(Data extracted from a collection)
::::

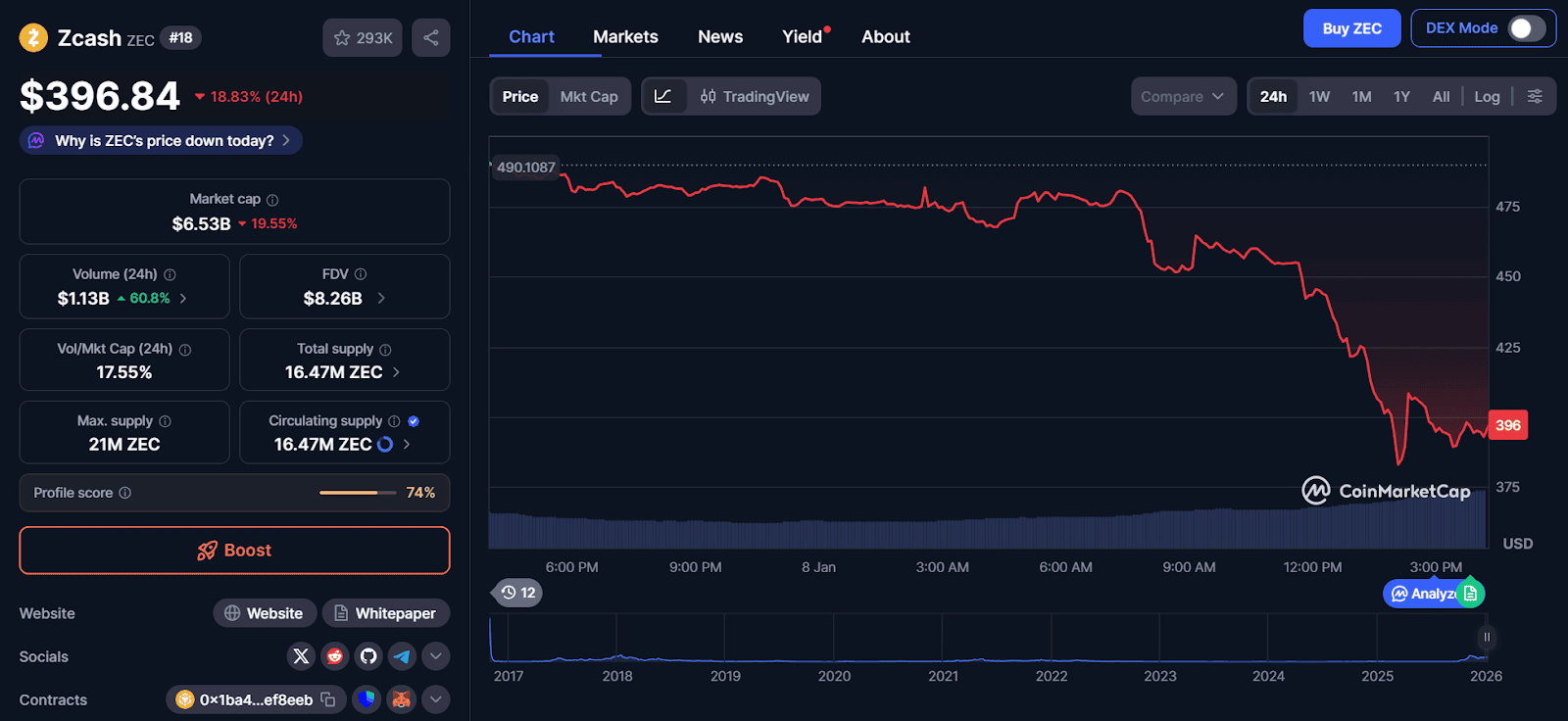 Основные показатели Zcash по состоянию на 8 января 2026 года. Данные: CoinMarketCap.
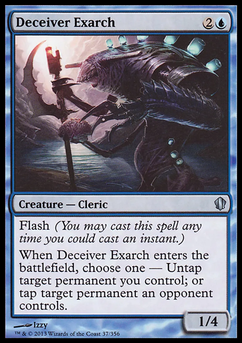 | Oracle Text | Flash (You may cast this spell any time you could cast an instant.) When Deceiver Exarch enters the battlefield, choose one — Untap target permanent you control; or tap target permanent an opponent controls. | ||
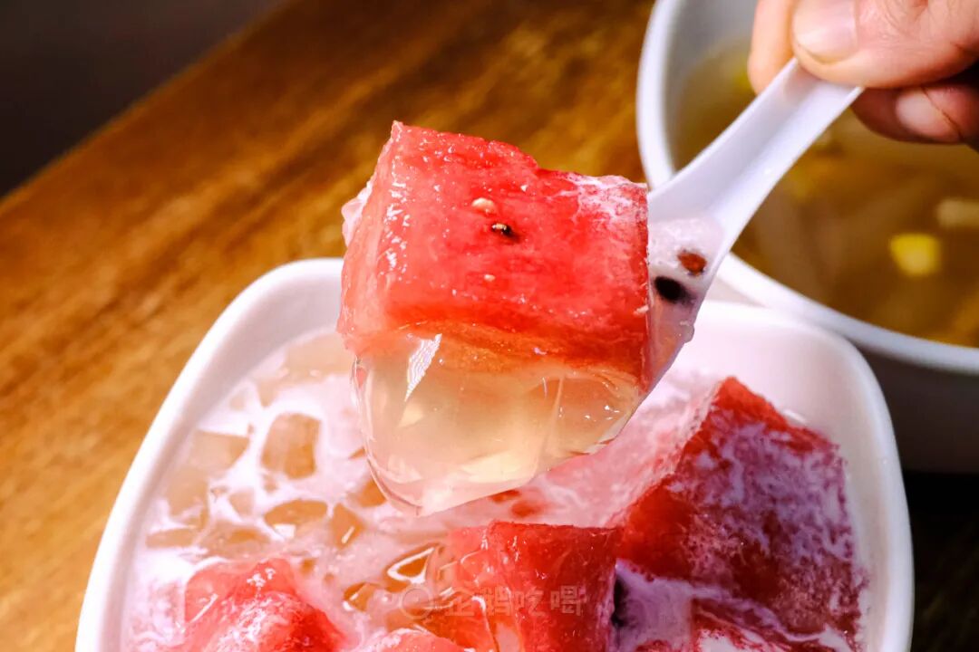 比如一份西瓜冰,你可以要雪梨冻做底,再加一勺西米露,盖上大块的冰西瓜后,再淋上一层甜香的椰奶。
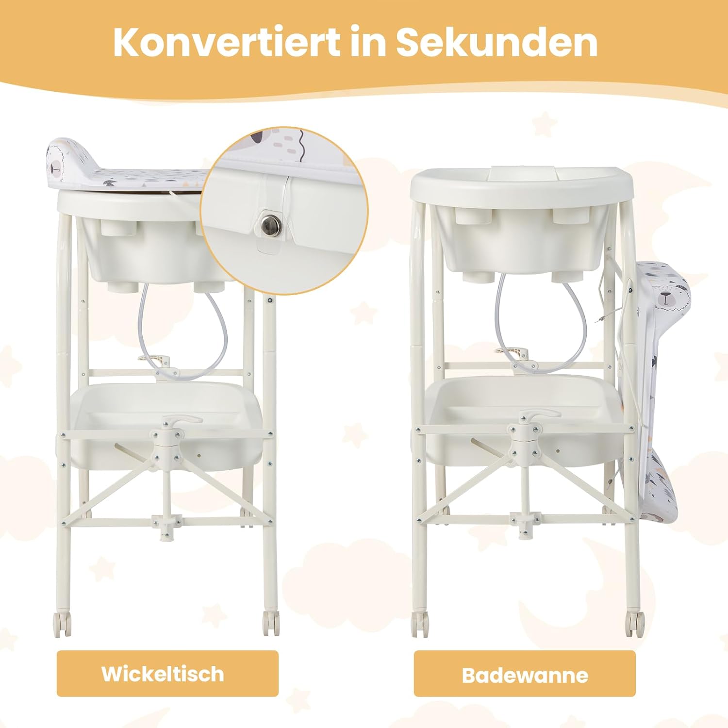 - 👶【Leicht zu bewegen & falten】Die Wickelkommode ist mit 4 Universalrädern mit Bremssystem, die für eine einfache Mobilität sorgen und gleichzeitig Stabilität und Sicherheit bieten. Ausserdem lässt sich die Wickelstation mit nur 4 Schritten
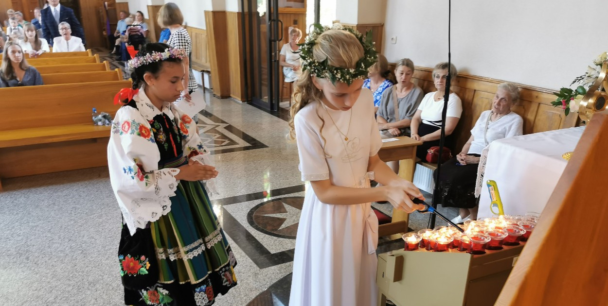 Wielkie święto, jakim jest przyjęcie po raz pierwszy w życiu sakramentu Eucharystii, przypadło dziś akurat w dniu, w którym tradycyjnie obchodzi się Dzień Matki. Z tej okazji dzieci zostały poproszone przez ks. proboszcza Sylwestra Łajszczaka o wejście do kościoła na krótko przez rozpoczęciem Mszy św. i zapalenie, każde po jednej świecy w intencji swej mamy. Dziewczynki podchodziły kolejno i zapalały świece w lichtarzu po lewej stronie ołtarza, chłopcy po prawej. Gest ma symbolizować i być zachętą do pamięci o matce w modlitwie.
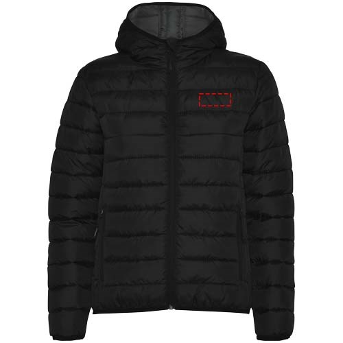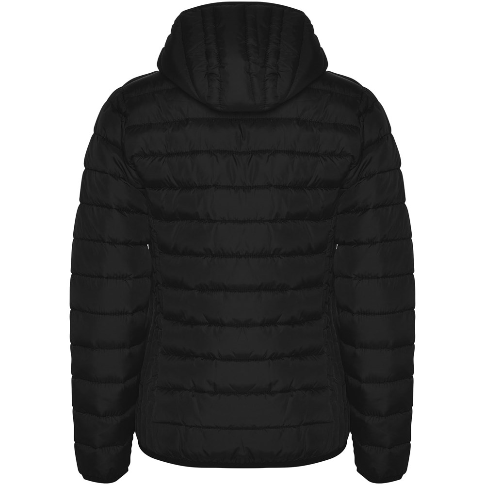Gewatteerd damesjack met dons en aansluitende capuchon. Omgekeerde ritsen met bijpassende kinbeschermer. Twee voorzakken met rits. Bijpassende elastische bies in manchetten, zoom en capuchon. Contrasterende binnenvoering. Licht en opvouwbaar kledingstuk. Nauwsluitende pasvorm. Waterafstotend. Winddicht model.
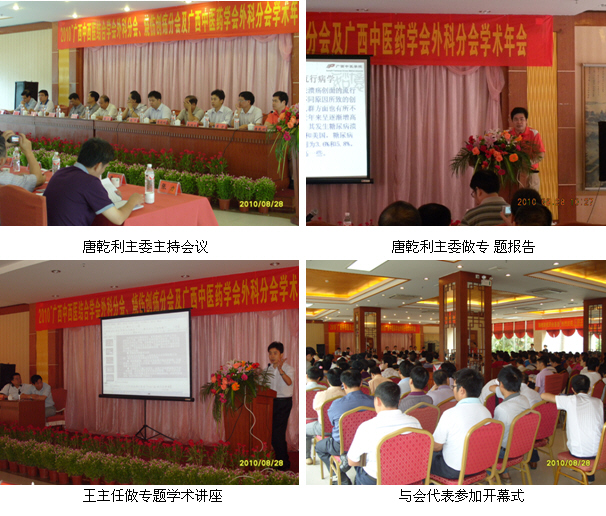 2010年8月27日~29日,由廣西中西醫(yī)結(jié)合學(xué)會(huì)、廣西中醫(yī)藥學(xué)會(huì)、廣西中醫(yī)學(xué)院共同舉辦,欽州市中醫(yī)院承辦的“2010年廣西中西醫(yī)結(jié)合外科分會(huì)、燒傷創(chuàng)瘍分會(huì)、廣西中醫(yī)藥學(xué)會(huì)外科分會(huì)換屆工作會(huì)議暨廣西中西醫(yī)結(jié)合外科、燒傷創(chuàng)瘍理論與臨床應(yīng)用學(xué)術(shù)年會(huì)”在美麗的海濱城市欽州市海豚大酒店隆重召開(kāi)。以中西醫(yī)結(jié)合外科、燒傷創(chuàng)瘍學(xué)科發(fā)展各種診療新技術(shù)、新方法為主題,本次會(huì)議總結(jié)并肯定了近年來(lái)中西結(jié)合外科、燒傷創(chuàng)瘍外科、中醫(yī)外科的發(fā)展成果,尤其是廣西自治區(qū)在燒傷濕性醫(yī)療技術(shù)的推廣應(yīng)用,中西醫(yī)結(jié)合治療外科危急重癥,乳腺癌早期診斷,顱腦外科及肝膽外科等專(zhuān)科技術(shù)方面成績(jī)顯著。會(huì)議還研究了新時(shí)期新的歷史條件下外科各學(xué)科的發(fā)展任務(wù),討論了如何促進(jìn)各學(xué)科的更好更快的發(fā)展。

::::

**Task goal**
Return the records above verbatim, leaving out images.

**Task solution**
 Основные показатели Zcash по состоянию на 8 января 2026 года. Данные: CoinMarketCap.
 | Oracle Text | Flash (You may cast this spell any time you could cast an instant.) When Deceiver Exarch enters the battlefield, choose one — Untap target permanent you control; or tap target permanent an opponent controls. | ||
 比如一份西瓜冰,你可以要雪梨冻做底,再加一勺西米露,盖上大块的冰西瓜后,再淋上一层甜香的椰奶。
 - 👶【Leicht zu bewegen & falten】Die Wickelkommode ist mit 4 Universalrädern mit Bremssystem, die für eine einfache Mobilität sorgen und gleichzeitig Stabilität und Sicherheit bieten. Ausserdem lässt sich die Wickelstation mit nur 4 Schritten
 Wielkie święto, jakim jest przyjęcie po raz pierwszy w życiu sakramentu Eucharystii, przypadło dziś akurat w dniu, w którym tradycyjnie obchodzi się Dzień Matki. Z tej okazji dzieci zostały poproszone przez ks. proboszcza Sylwestra Łajszczaka o wejście do kościoła na krótko przez rozpoczęciem Mszy św. i zapalenie, każde po jednej świecy w intencji swej mamy. Dziewczynki podchodziły kolejno i zapalały świece w lichtarzu po lewej stronie ołtarza, chłopcy po prawej. Gest ma symbolizować i być zachętą do pamięci o matce w modlitwie.
Gewatteerd damesjack met dons en aansluitende capuchon. Omgekeerde ritsen met bijpassende kinbeschermer. Twee voorzakken met rits. Bijpassende elastische bies in manchetten, zoom en capuchon. Contrasterende binnenvoering. Licht en opvouwbaar kledingstuk. Nauwsluitende pasvorm. Waterafstotend. Winddicht model.
 2010年8月27日~29日,由廣西中西醫(yī)結(jié)合學(xué)會(huì)、廣西中醫(yī)藥學(xué)會(huì)、廣西中醫(yī)學(xué)院共同舉辦,欽州市中醫(yī)院承辦的“2010年廣西中西醫(yī)結(jié)合外科分會(huì)、燒傷創(chuàng)瘍分會(huì)、廣西中醫(yī)藥學(xué)會(huì)外科分會(huì)換屆工作會(huì)議暨廣西中西醫(yī)結(jié)合外科、燒傷創(chuàng)瘍理論與臨床應(yīng)用學(xué)術(shù)年會(huì)”在美麗的海濱城市欽州市海豚大酒店隆重召開(kāi)。以中西醫(yī)結(jié)合外科、燒傷創(chuàng)瘍學(xué)科發(fā)展各種診療新技術(shù)、新方法為主題,本次會(huì)議總結(jié)并肯定了近年來(lái)中西結(jié)合外科、燒傷創(chuàng)瘍外科、中醫(yī)外科的發(fā)展成果,尤其是廣西自治區(qū)在燒傷濕性醫(yī)療技術(shù)的推廣應(yīng)用,中西醫(yī)結(jié)合治療外科危急重癥,乳腺癌早期診斷,顱腦外科及肝膽外科等專(zhuān)科技術(shù)方面成績(jī)顯著。會(huì)議還研究了新時(shí)期新的歷史條件下外科各學(xué)科的發(fā)展任務(wù),討論了如何促進(jìn)各學(xué)科的更好更快的發(fā)展。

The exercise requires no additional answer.